Aquele era um reino exuberante, cortado pelos Trópicos de Câncer e de Capricórnio, deitado indolentemente no meio da placa tectônica sul-americana. Sua privilegiada posição apenas o balançava – leve e imperceptivelmente – em seu extenso berço, protegendo-o contra os ciclones, terremotos e vulcões que afetavam os reinos vizinhos. Vez ou outra a Mãe Natureza descarregava – num ou noutro lugar – chuvas torrenciais, mas apenas para mostrar àquela gente que ela se encontrava sob seu comando. Porém, passados os temporais, tudo brotava como se fosse o Jardim do Édem – uma recompensa da generosa mãe pelos dissabores impingidos aos filhos.
Nem mesmo todos os sábios presentes no Universo seriam capazes de enumerar as riquezas minerais e vegetais daquele reino. Somente a título de exemplo, ali se encontravam o bioma mais importante do mundo e os dois maiores aquíferos da Terra. Escassez de água, portanto, não seria uma preocupação para suas futuras gerações. Assim, as ameaças ao futuro da humanidade no que diz respeito à falta do líquido da vida – até mesmo ocasionando guerras – não afetavam as pessoas do lugar que em razão de tamanha dadivosidade acabavam descambando para o desperdício. Quanto aos súditos, ainda que não primassem por uma educação de boa qualidade, não se podia dizer que não tivessem boa índole.

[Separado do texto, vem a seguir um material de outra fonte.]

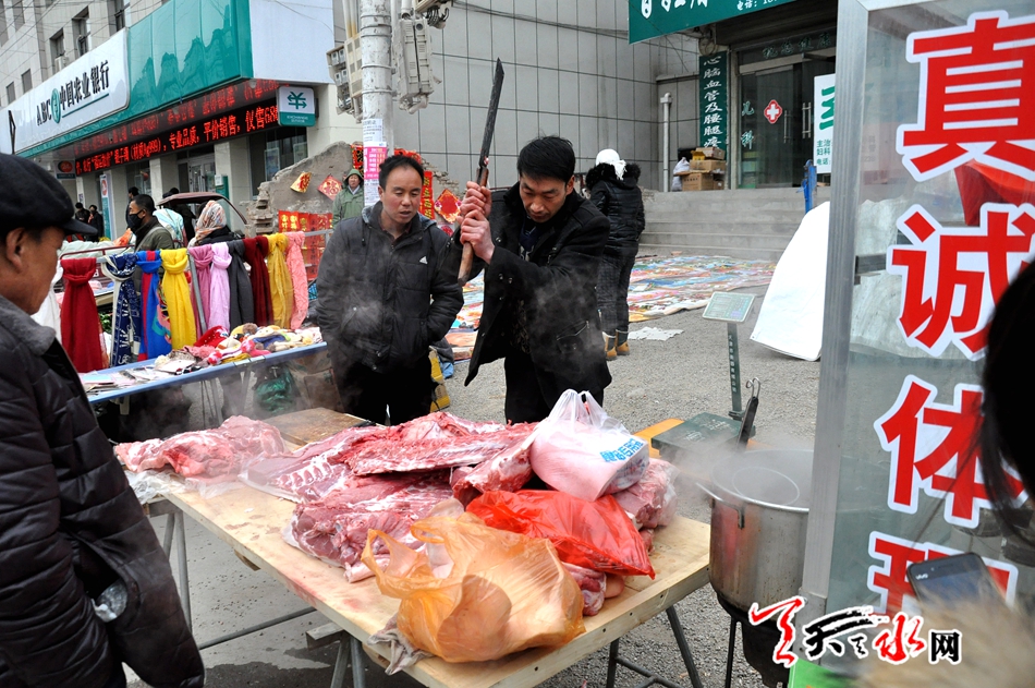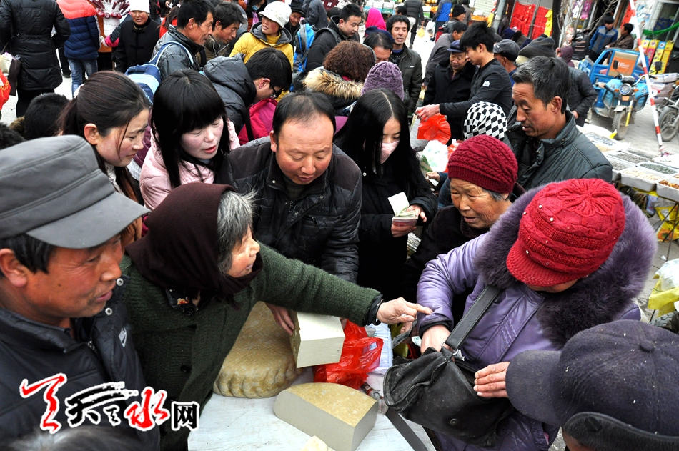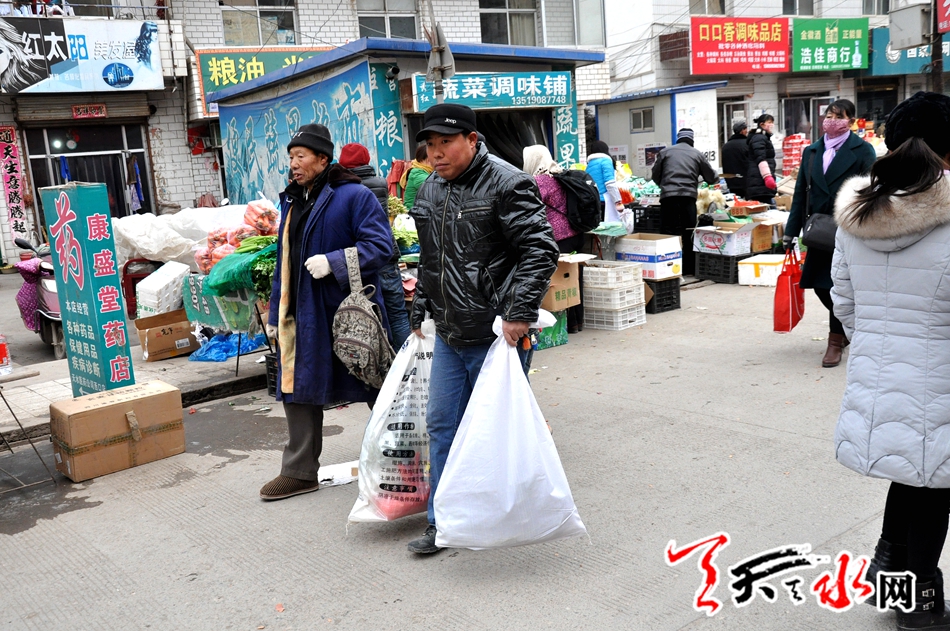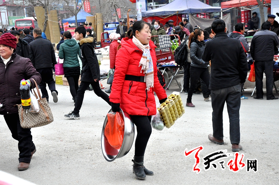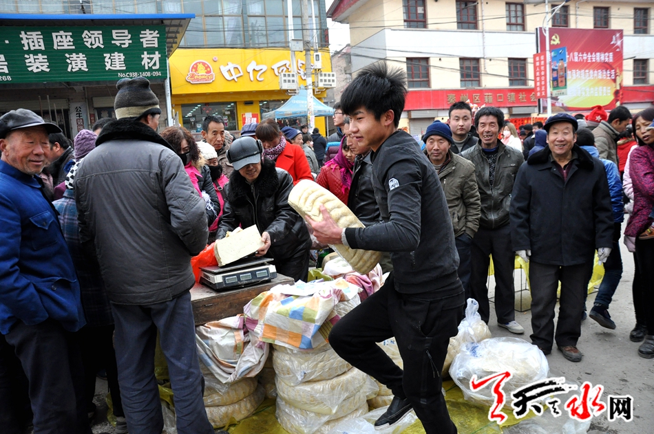 一大早,赶年集的人流便开始聚集,肉摊、菜摊,卖年画的、卖春联的、卖糖果的……各色年货一应俱全,冒着寒冷赶集的人四面八方的蜂拥而至,整个集市显得熙熙攘攘,人潮涌动。在集市上,记者还看到,前来赶集的多位中老年人,他们从这个摊到那个摊,挑选着心仪的年货,赶集的人有推车的,有挑担的,有挎篮子的,还有步行的。

O fato é que toda essa generosidade do Criador em relação àquele reino despertou a ira dos outros reinos. Uma delegação foi encaminhada ao Céu com o objetivo de reivindicar mais benesses para os domínios reclamantes. Explicações foram dadas pelo Todo Poderoso e a delegação despachada de volta à Terra. Contudo, insatisfeitos com o parecer divino, os poderosos reais resolveram apelar para os poderes do Diabo. Falaram-lhe daquele reino X, privilegiado em todos os quesitos pela Mãe Natureza (assessora do Criador), como se o Paraíso fosse. Se nada mudasse, eles – os revoltosos – seriam capazes de destruir o planeta, pois armas para isso é que não lhes faltavam.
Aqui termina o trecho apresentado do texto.